Ainsi, les informations mobilisées par Alexia contribuent à différentes préoccupations liées à son insertion en fonction de l’issue de celle-ci. Plus particulièrement, certaines informations contribuent à son maintien en emploi lorsqu’elle fait référence à sa situation – que nous avons identifiée à l’état final d’insertion – alors que d’autres informations contribuent à la définition d’une trajectoire professionnelle ainsi qu’à la recherche d’emploi lorsqu’elle fait référence à une situation potentielle de perte d’emploi – que nous identifions comme un retour à l’état initial.

Une jeune adulte sur les six mobilise l’information sans que nous puissions statuer sur la préoccupation qu’elle permet de résoudre. En effet, l’insertion professionnelle de Mélodie (24 ans au moment de l’entretien ; travailleuse autonome ; plus haut niveau de scolarité atteint : études primaires) est identifiée à l’état final. D’une part, elle dit être bien dans son projet professionnel (maintien en emploi résolu), qui est d’avoir un service de garde en milieu familial. Elle ne déclare donc pas d’information en lien avec ce projet, probablement parce qu’elle n’y rencontre pas d’obstacle à résoudre à ce moment-là (du moins, à partir des données disponibles dans l’entretien). D’autre part, elle déclare une information à propos d’exigences générales d’embauche dans le marché du travail – une information qui n’est pas directement en lien avec son projet de garderie. Il s’agit d’exigences auxquelles elle déclare ne pas correspondre (notamment avoir un DES) et qui proviennent d’une source non spécifiée dans l’entretien :

En tout cas, j’espère que ça va fonctionner pour un bout de temps [d’avoir ma garderie à la maison], mais je veux dire, trouver un emploi, ce n’est pas facile quand tu es diabétique, parce qu’ils ne veulent pas te prendre parce que tu as un surplus de poids, ton apparence au magasin… Tu n’as pas de secondaire 5, ils te foutent dehors.

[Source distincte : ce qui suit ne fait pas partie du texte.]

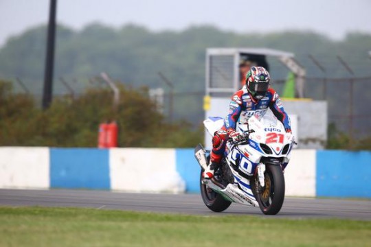 Tyco Suzuki John Hopkins will start from pole for the first time this year, after a 1’29.555 was good enough to place his bike on the number one spot of the MCE British Superbike grid, for race one tomorrow at Donington Park.
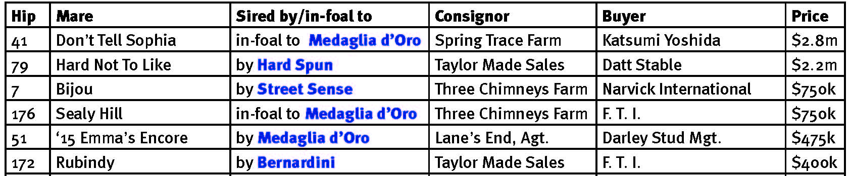 The action continued on November 1st at the Keeneland November Mixed Sale as top prices again were realized for progeny of, and mares in-foal to Darley sires:
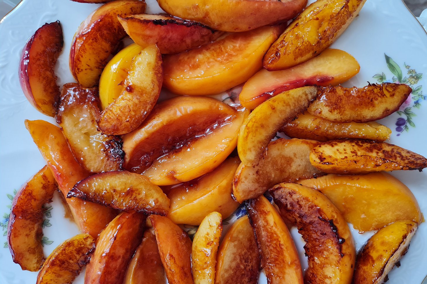 Сначала будем жарить персики (нектарины). На сковороде растопите сливочное масло и мёд. Фрукты нарежьте небольшими дольками и обжарьте с двух сторон до появления карамельной корочки. Выложите на тарелку и оставьте остывать. Оставшееся масло со сковороды не выливайте — оно пригодится.
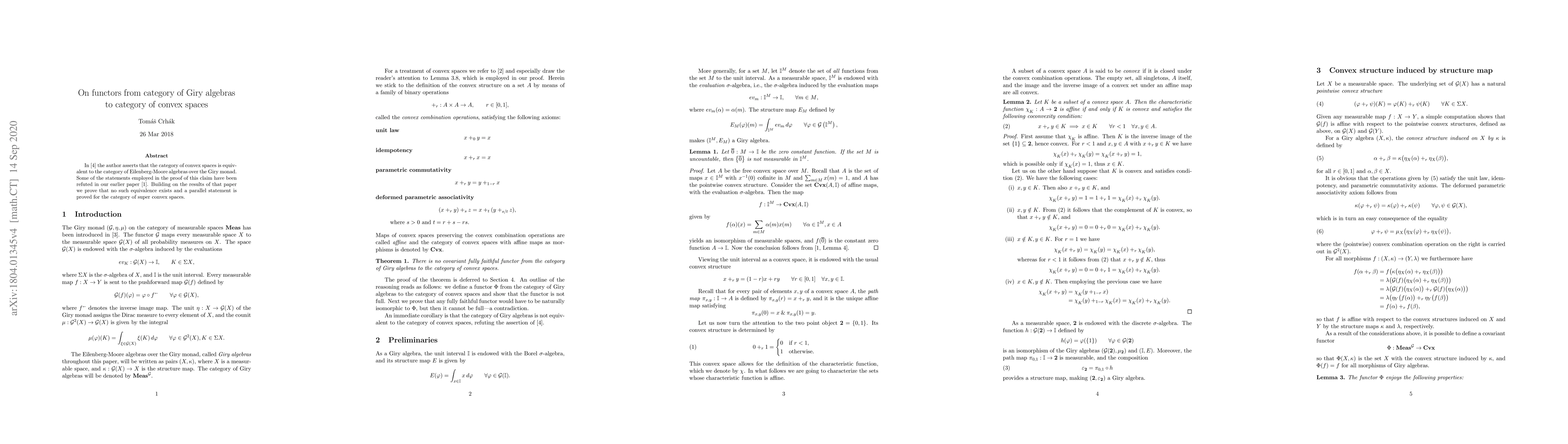 This paper refutes the claim from a previous work that the category of convex spaces is equivalent to Eilenberg-Moore algebras over the Giry monad, using results from an earlier paper. It establishes that no such equivalence exists and similarly disproves a parallel statement for super convex spaces.

Il semble ainsi que cette information contribue en quelque sorte à ne pas considérer immédiatement un retour dans le marché du travail dans un emploi salarié ou un retour aux études. Dans ce sens, on peut penser que cette information lui permet de valider (ou conforter) son choix de trajectoire professionnelle dans un travail autonome plutôt que salarié (qui impliquerait un retour sur le marché du travail ou un retour aux études). Comme elle le souligne : « Ma garderie, je suis fière de ça. […]. Non [je ne ferai pas de retour aux études]. Je suis bien avec ma garderie à la maison. ». Ainsi, sans pouvoir en conclure, on peut penser que bien que son projet soit déjà réalisé au moment de l’entretien, cette validation de trajectoire professionnelle vient plutôt contribuer à son maintien en emploi.